Consumers may be the biggest losers in the CALEA crossfire, agrees Rick Stevens, assistant general manager at Central Montana Communications.

"Ultimately, the end users will pay for it if we can't recover the costs," Stevens says. "I can't say it's been exorbitant, but it has certainly been expensive."

Independent telco Central Oklahoma Telephone is also juggling its budget to appease the FBI. Like Wheat State in Kansas, it must delay upgrades for other scheduled services, says Steve Guest, manager.

Central Oaklahoma Telephone has spent about $70,000 per switch so far, which is roughly a third of the original installation cost, Guest says. He called the costs a "setback" but does not think consumers will see a rate increase.

VeriSign Cashes In

One company hopes to profit from the carriers' crunch time. VeriSign, a Web security company, last week launched NetDiscovery, a subscription-fee service marketed to telephone companies. VeriSign's service takes over CALEA-mandated upgrades and maintenance. The company says it can perform the functions "a fraction of the cost" a carrier would pay to upgrade and maintain the equipment themselves.

"To buy the equipment themselves, hire the staff and maintain the capability on a continuing basis...is really significant, up to $500,000 per switch," says Tony Rutkowski of Verisign's NetDiscovery strategy team.

NetDiscovery may be the solution for straggling providers still sweating the approaching June 30 deadline. Rutkowski says it could save operating costs that would otherwise fall to consumers. The company says some telcos have expressed interest but did not reveal any contracts.

Privacy Peeves

Carriers aren't the only ones antsy about CALEA. Since Congress passed the law in 1994, the fight between privacy advocates and FCC rule makers on easy-access digit extraction and wiretapping has been a bitter one.

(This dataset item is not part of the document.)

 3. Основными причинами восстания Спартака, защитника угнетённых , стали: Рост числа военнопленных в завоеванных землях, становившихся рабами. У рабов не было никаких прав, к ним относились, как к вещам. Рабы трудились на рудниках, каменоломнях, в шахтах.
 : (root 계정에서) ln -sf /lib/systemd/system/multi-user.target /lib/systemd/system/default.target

The transition from analog to digital phone carriers threatened the agency's ability to keep tabs on phones in the event of a court-ordered criminal investigation. Congress helped the FBI by passing CALEA, requiring telecom companies to keep their wiretap-friendly technology current so the FBI could phone-tap on command. Congress left it to the FCC to write the specifics. The FBI has subsequently received more latitude in its surveillance operations.

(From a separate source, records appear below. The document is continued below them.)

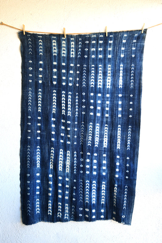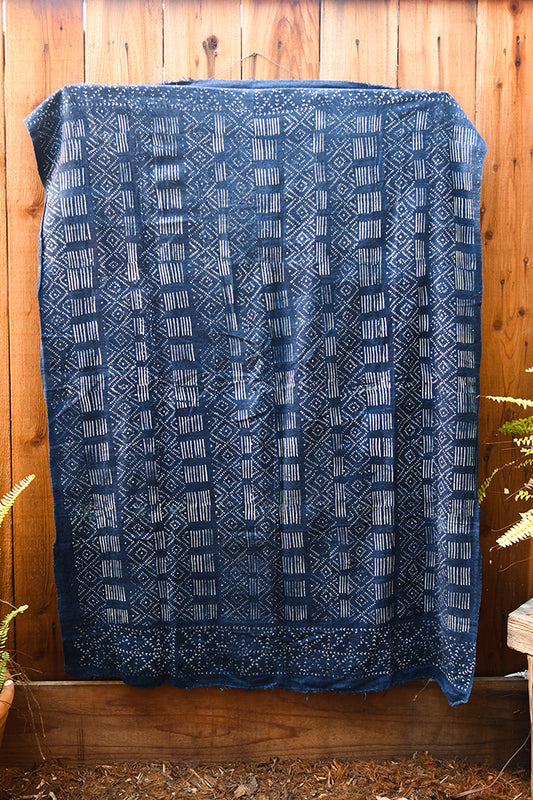Resist Dyed Indigo Fabric, Vintage Dogon Cotton Textile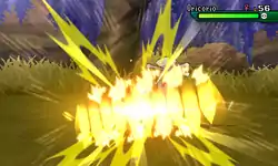 Luxray's fangs glow yellow and sparks of yellow electricity surround them. It then bites down on the opponent, and they become surrounded in yellow sparks; or, sparks of yellow electricity form inside Luxray's mouth. The sparks grow, forming into four fang-shaped, electric masses, and they stretch to the outside of its mouth. Luxray then bites down onto its opponent with the four electrical fangs. | ||
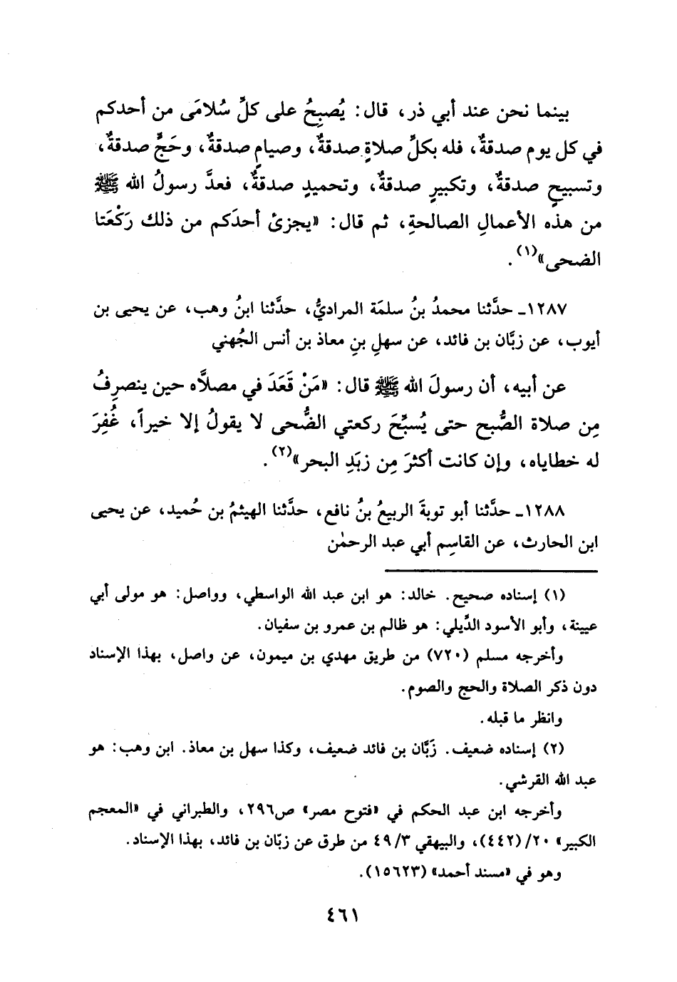 بينما نحن عند أبي ذر، قال: يُصبِحُ على كل سُلامَى من أحدكم في كل يوم صدقةٌ، فله بكل صلاةٍ صدقةٌ، وصيامٍ صدقةٌ، وحَج صدقةٌ، وتسبيحٍ صدقةٌ، وتكبيرٍ صدقةٌ، وتحميدٍ صدقةٌ، فعدَّ رسولُ الله - صلَّى الله عليه وسلم - من هذه الأعمالِ الصالحةِ، ثم قال: "يجزئ أحدَكم من ذلك رَكعَتا الضحى" (¬١).

After complaints from privacy groups and cost concerns from telecom companies, a federal appeals court rejected the FCC's original proposal. The revised rules released in April fully address the concerns, says Rodney Small, an FCC engineer.

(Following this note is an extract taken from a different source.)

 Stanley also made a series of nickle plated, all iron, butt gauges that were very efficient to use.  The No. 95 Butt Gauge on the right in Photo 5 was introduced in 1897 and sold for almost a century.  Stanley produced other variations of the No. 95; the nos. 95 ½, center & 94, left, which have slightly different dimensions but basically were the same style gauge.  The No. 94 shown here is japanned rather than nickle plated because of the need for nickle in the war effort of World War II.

But David Sobel, general counsel at the Electronic Privacy Information Center, is doubtful. He says privacy groups are especially concerned about the FCC's standard for dialed-digit extraction, a method of remotely identifying calls dialed from a given number.

The problem was simpler in the analog world, Sobel explains. Law enforcement authorities often issue "pen register orders," which involve retrieving only dialed numbers, not conversations. Analog devices could only extract phone numbers but couldn't keep track of anything dialed after the call was connected.

In a digital environment, however, all dialed information travels in packets, which include not only the phone number but anything dialed during the call. The challenge is protecting sensitive information like bank account and Social Security numbers when they are tightly bound to the packet. Privacy advocates fear the system is ripe for abuse, Sobel says.

"Our position was that so long as no technical way to protect that content exists, that capability should not be given to law enforcement," Sobel says.

Small counters Sobel's complaint, citing a clause in the FCC's new rules that says "the carrier must have the ability to turn on and off the dialed digit extraction capability."

Sobel admits the on-off switch is an important start. But EPIC is still concerned about accountability--whether the switch will be used appropriately. EPIC "will certainly continue to monitor the activities of law enforcement," Sobel says.

Sobel says EPIC has no immediate plans to challenge the most recent FCC order implementing CALEA, but that if industry groups decided to do so, EPIC would support them.